As mentioned in the Introduction, the length of the erect penis is dependent on the pressure in the corpora cavernosa and/or corpora spongiosa. In rats, intracavernous pressure during intromission is further enhanced by contraction of the ischiocavernosus muscles.26 The main function of this contraction is to move the penis forward and upward, thereby bringing it into contact with the vaginal orifice27 making penetration possible. The contribution of the striated penile muscles to the intracavernous pressure, hence erection, during intromission may mean that drug-induced changes in this pressure are masked. During ejaculation, intense contraction of the bulbospongiosus muscles enhances intracavernous pressure still more, but this occurs during penetration, when the penis is invisible. Thus, although erection at mount is an essentially vascular event, erection at intromission and ejaculation is heavily influenced by activity in striated muscles. Consequently, compounds affecting the vascular contribution to erection should have their most evident effect during mounting.

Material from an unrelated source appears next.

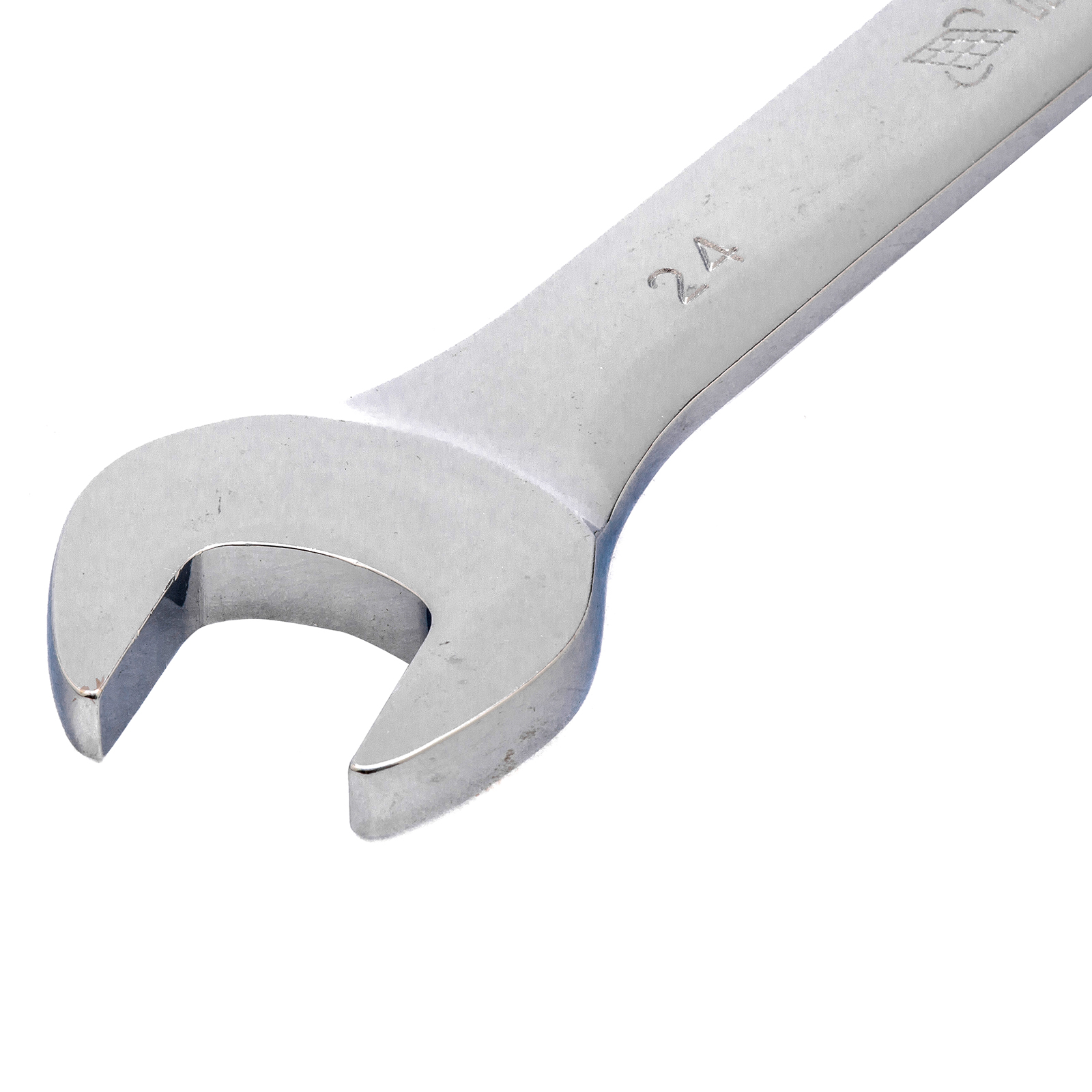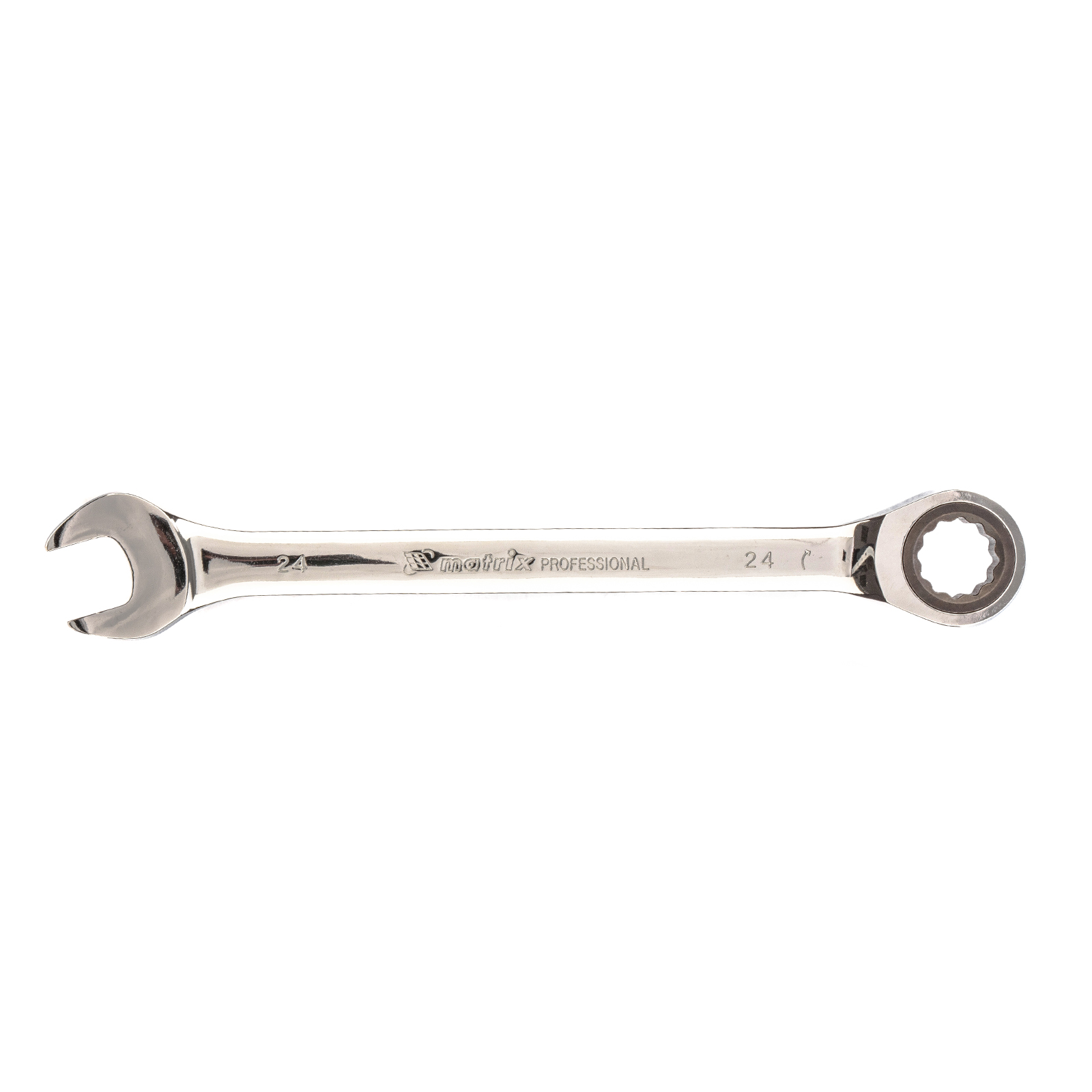 Комбинированный трещоточный ключ Matrix 14815 из стали CrV, с покрытием «зеркальный хром», размером 24 мм, позволяет быстро откручивать и закручивать болты и гайки. Рожковую часть удобно использовать там, где нет возможности полного охвата детали, а трещоточный механизм повышает удобство работы в труднодоступных местах.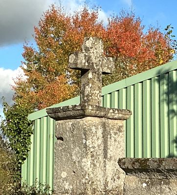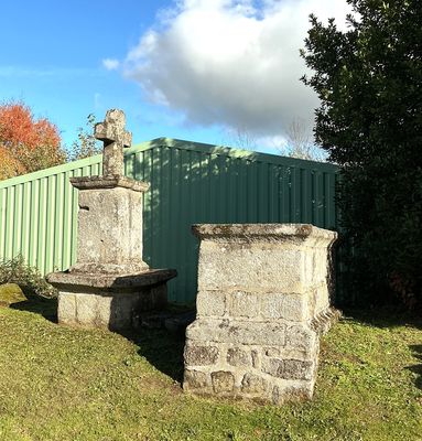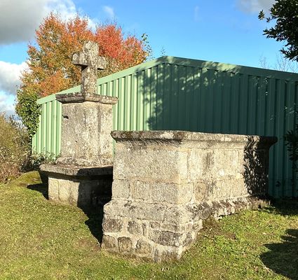 Cette croix latine simple, taillée dans le granit, est insérée dans une table moulurée à profil de doucine. Elle repose sur un piédestal parallélépipédique dont la base est également moulurée. L’ensemble est établi sur une seconde table et un soubassement en pierre de taille. Au pied de la croix se trouve une table d’autel mesurant environ 3 m sur 1,50 m, soutenue par une maçonnerie en pierres appareillées. Cette table d’autel est identique à celle du cimetière. La croix aurait été érigée en 1807, et l’on s’y rendait autrefois en procession.

According to the reasoning exposed in the preceding paragraph, we propose that Impaza causes lengthening of the penis because of enhanced intracavernous pressure. The importance of eNOS in erection is well known,28 and any compound enhancing eNOS activity could potentially facilitate erection by contributing to increase this pressure.29 Unfortunately, the molecular mechanisms of the action of Impaza remain unknown, precluding any informed speculation as to the exact nature of the events underlying the effects observed here.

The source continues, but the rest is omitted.